Иногда он разговаривал с ней как со взрослой, а она, научившись ползать на четвереньках, следовала за ним по всему дому, словно верный щенок. В это время она носила штанишки, скроенные из старых дедовых фланелевых, с заплатами на коленках.

Активность секретного вспомогательного подразделения пошла на убыль; стало казаться, что стране уже не грозило вторжение противника. У Бена появились надежды на собственное будущее, на то, что он останется в живых. Но его рюкзак был всегда под рукой, и он, и его товарищи тренировались в лесу и держали секретный бункер полностью оборудованным.

Известия с настоящих фронтов хоть и медленно, но улучшались. Все домашние следили по газетам за возможными перемещениями Джека после победы над нацистами под Эль-Аламейном в ноябре 42-го.

В свой первый день рождения Сильвия поднялась с четверенек и неуверенно затопала по комнате. «Бен… Бен…» – были ее первые слова; ее губки были испачканы драгоценной глазурью из какао, которой был полит ее маленький именинный пирог. Все громко расхохотались, а Бен густо покраснел.

На Рождество он нарядился Сантой и положил в ее чулок вязаные игрушки и деревянную лошадку на тележке. Теперь ему приходилось приглядывать за девочкой, так как она по-прежнему следовала за ним, только теперь уже и на улице. Он сделал для нее маленькую щетку, и она таскала ее с собой.

Миррен, казалось, охотно позволяла ему занять в сознании девочки место Джека.
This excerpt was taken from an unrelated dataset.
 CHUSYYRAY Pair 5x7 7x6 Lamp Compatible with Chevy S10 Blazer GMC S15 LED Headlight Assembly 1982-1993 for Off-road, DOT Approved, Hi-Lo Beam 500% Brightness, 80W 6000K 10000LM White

Иногда он даже ощущал некую вину за то, что все удовольствие от общения с ребенком доставалось ему. Но в глубине души он знал, что придет время, и ему снова придется пересесть на заднее сиденье.

Летом 43-го после Туниса полк Джека был направлен в Италию. В целом новость была хорошая, к тому же полк вскоре оказался на юге Франции. Джек прислал для Сильвии почтовые открытки с видами Франции. Конец войны был явно не за горами.
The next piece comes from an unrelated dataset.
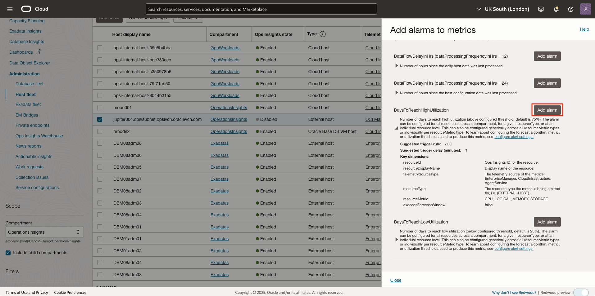 多くの管理者は、コマンドライン・コマンドを手動で入力するか、独自のカスタム・スクリプトを作成して、環境が予想どおりに実行されているかどうかを確認し、多くのリソースが使用可能であることを確認します。Operations Insightsで新しく実装されたアラーム機能では、カスタム・リソース・アラーム構成を実行して、このような繰返しの手動作業を減らし、管理者に戻すことができます。

Миррен часто показывала дочке его фото, но малышка никак не могла понять, кто этот чужой дядя в военной форме.

– Это папа, – твердила Миррен, показывая фотографию Джека, но Сильвия однажды утром сказала: «Папа Бен».
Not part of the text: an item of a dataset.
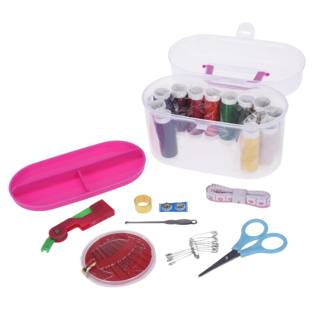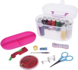 Praktisks šūšanas komplekts ar 50 detaļām pārnēsājamā organizatorā. Ietver krāsainus diegus, adatas, mazās šķērītes, drēbnieka mērlenti, pogas, pirkstaiņu, diega ievērēju un droselīšadatas. Vieglā, caurspīdīgā kārbiņa ar klipsi ir ideāla ceļošanai un mājas remontiem. Izturīgi un elastīgi diegi atvieglo ātru piešūšanu un apģērba pielāgojumus.

Он вспыхнул от такого заявления – и от смущения. Ничего ему не хотелось так сильно, как считаться отцом девочки, но он прекрасно понимал, что это невозможно. Четыре года – долгий срок в жизни маленького ребенка. Времена года и месяцы стремительно сменяли один другой. В сентябре 44-го после высадки союзнического десанта в Арнеме и ожесточенных боев в ходе Голландской операции письма прекратились. Все, кроме Миррен, ожидали худшего.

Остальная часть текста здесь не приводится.